This week I had an “On Faith” article in the Washington Post which explored the implications of the dramatic defeat of Texas’ proposed abortion legislation last week, and its likely passage in a new special session this month. The legislation, in addition to requiring abortion providers to have appropriate access to hospital facilities should something go wrong (we’ve seen the horrific results for women when this is not the case), bans abortion after 20 weeks gestation. A similar ban was passed in the House, and last night the Weekly Standard reported that Mark Rubio will introduce a bill in the Senate that will also ban abortion after 20 weeks–with exceptions for rape and life of the mother.
If some thought that the Texas bill “turned back the clock” on women’s rights, then it will be quite the spectacle when Rubio goes to the Senate floor to argue that this ban should apply for the whole nation. Some believe (and I am one of them) that the bill has little chance in the Senate precisely because too many people will think of it as “extreme.” But is it?

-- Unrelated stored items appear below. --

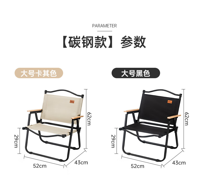 清系 户外折叠椅克米特椅露营椅子户外椅子折叠便携露营 沙滩椅 【树脂扶手碳钢款】大号卡其色
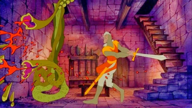 Were you around twenty years ago? If so, you may remember the arcade game "Dragon's Lair." It was the first video game that I can recall that charged fifty cents at the arcade. I used to go there with a friend on Friday night and go through ten bucks in quarters trying to finish it. I never actually made it to the dragon, so watching this playthrough was kind of fun because it allowed me to see the ending that I never achieved myself.Boy, video games sure have come a long ways. But there's a certain charm to Don Bluth's animation that still
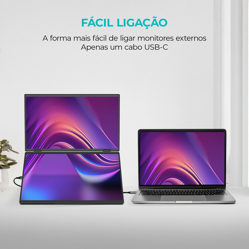 O monitor pode ser conectado via USB-C ou HDMI, com ambas as telas proporcionando uma imagem clara e nítida em resolução Full HD (1920 × 1080). É ideal tanto para trabalho quanto para entretenimento, permitindo alternar entre os modos de ecrã estendido, duplicado ou duplo.
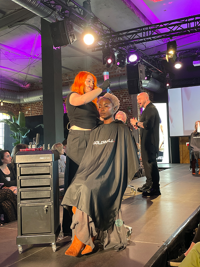 Live Haarschnitt auf einer Bühne beim AUTHENTIC BEAUTY CONCEPT Event Schweiz
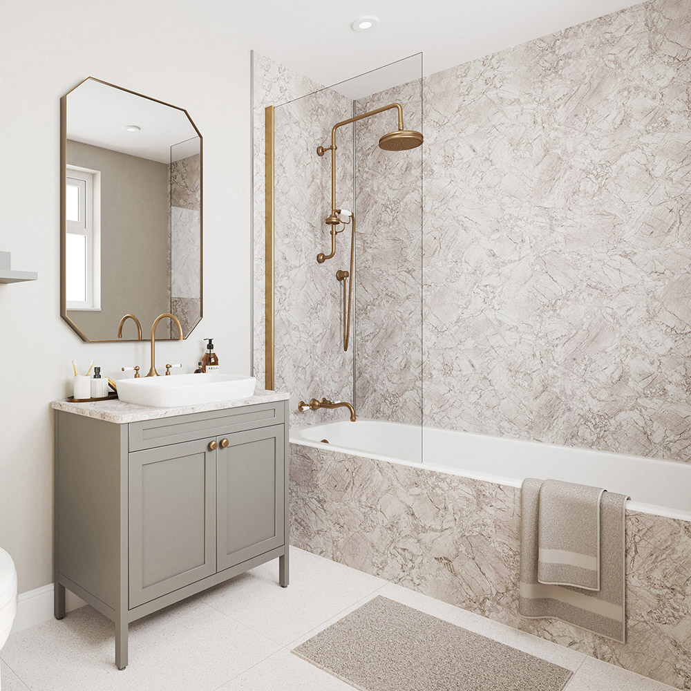 Wetwall Mermaid 2420 x 900mm Bianco Marble Concrete Plywood Shower Wall Panel
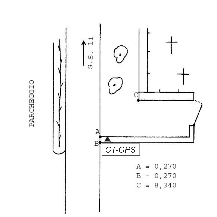 Centrino Regione Lombardia infisso sullo spigolo ovest del muro divisorio in calcestruzzo che delimita a sud la pertinenza del cimitero di Pedrocca, in località omonima.
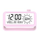 YHFITN Digital Alarm Clock Night Light Visual Timer, LCD Time Reminder with 3 Alarms, Snooze,Temperature Display, Ideal for Family Education Teaching and Time Management Gifts for Kids (Pink)

Here are the gestational ages at which some European countries ban abortion (with exceptions similar to those in the House bill):
Belgium: 12 weeks
Denmark: 12 weeks
France: 12 weeks
Germany: 12 weeks
Greece: 12 weeks
Italy: 12 weeks
Holland: 13 weeks
Portugal: 16 weeks
Sweden: 18 weeks
Ireland, one of the safest places in the world for pregnant women, is having a very different kind of conversation. It is apparently controversial in this very developed country to include risk of suicide as an example of the only exception which would exist under Irish law: the life of the mother.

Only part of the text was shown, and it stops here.